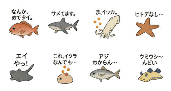 | スタンプ説明 | タイ、イクラ、イカ、ヒトデ、エイ、サメ、アジ、ウミウシなど海の仲間たちが、ゆるくてかわいいダジャレでトークを盛り上げます。 |
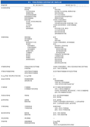 2002年,世界卫生组织(World Health Organization,WHO)出版了第三版《WHO骨与软组织肿瘤分类》[1],之后该书成为骨与软组织肿瘤相关从业人员的重要参考书。11年后,国际癌症研究机构(International Agency for Research on Cancer,IARC)于2013年出版了由Fletcher等四位教授担任主编、来自20余个国家147位专家修订的《WHO骨与软组织肿瘤分类》第四版[2]。新版的WHO分类充分体现了十余年来骨与软组织原发性肿瘤和瘤样病损在临床、病理、分子生物学和预后等多方面的研究进展,强调根据肿瘤的生物学行为进行分类,融入了近年来对肿瘤及其分类概念性认识的变迁和更新[3,4,5,6]。本文通过学习和解读新版骨肿瘤分类,着重介绍新增加的肿瘤病种以及新旧两个分类版本的差异(表1)。
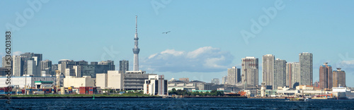 Fototapeta premium 東京湾にスカイツリーとビル群/青空のコピースペース/日本東京都
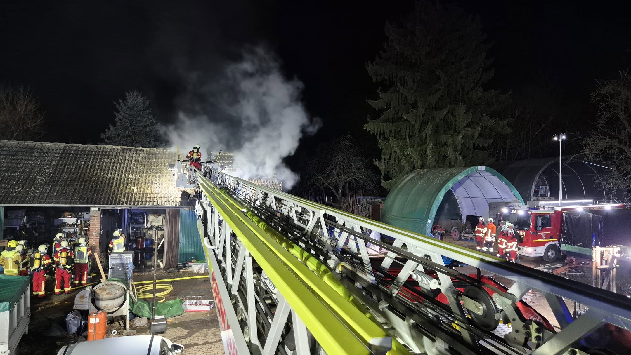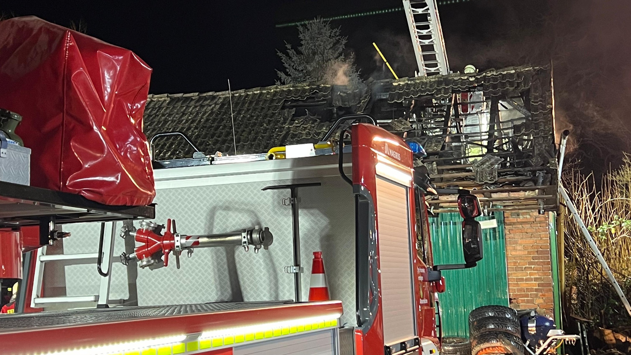 Beim Eintreffen der ersten Einsatzkräfte brannte es im Dachbereich der Scheune. Ersthelfer hatten bereits vor Eintreffen der Feuerwehr einen Minibagger aus der Halle gefahren und erste Löschmaßnahmen mit Feuerlöschern eingeleitet.

### [Exercise brief]
All of the lines above should be copied exactly, apart from the pictures.

### [Answer for this exercise]
 | スタンプ説明 | タイ、イクラ、イカ、ヒトデ、エイ、サメ、アジ、ウミウシなど海の仲間たちが、ゆるくてかわいいダジャレでトークを盛り上げます。 |
 2002年,世界卫生组织(World Health Organization,WHO)出版了第三版《WHO骨与软组织肿瘤分类》[1],之后该书成为骨与软组织肿瘤相关从业人员的重要参考书。11年后,国际癌症研究机构(International Agency for Research on Cancer,IARC)于2013年出版了由Fletcher等四位教授担任主编、来自20余个国家147位专家修订的《WHO骨与软组织肿瘤分类》第四版[2]。新版的WHO分类充分体现了十余年来骨与软组织原发性肿瘤和瘤样病损在临床、病理、分子生物学和预后等多方面的研究进展,强调根据肿瘤的生物学行为进行分类,融入了近年来对肿瘤及其分类概念性认识的变迁和更新[3,4,5,6]。本文通过学习和解读新版骨肿瘤分类,着重介绍新增加的肿瘤病种以及新旧两个分类版本的差异(表1)。
 Fototapeta premium 東京湾にスカイツリーとビル群/青空のコピースペース/日本東京都
 Beim Eintreffen der ersten Einsatzkräfte brannte es im Dachbereich der Scheune. Ersthelfer hatten bereits vor Eintreffen der Feuerwehr einen Minibagger aus der Halle gefahren und erste Löschmaßnahmen mit Feuerlöschern eingeleitet.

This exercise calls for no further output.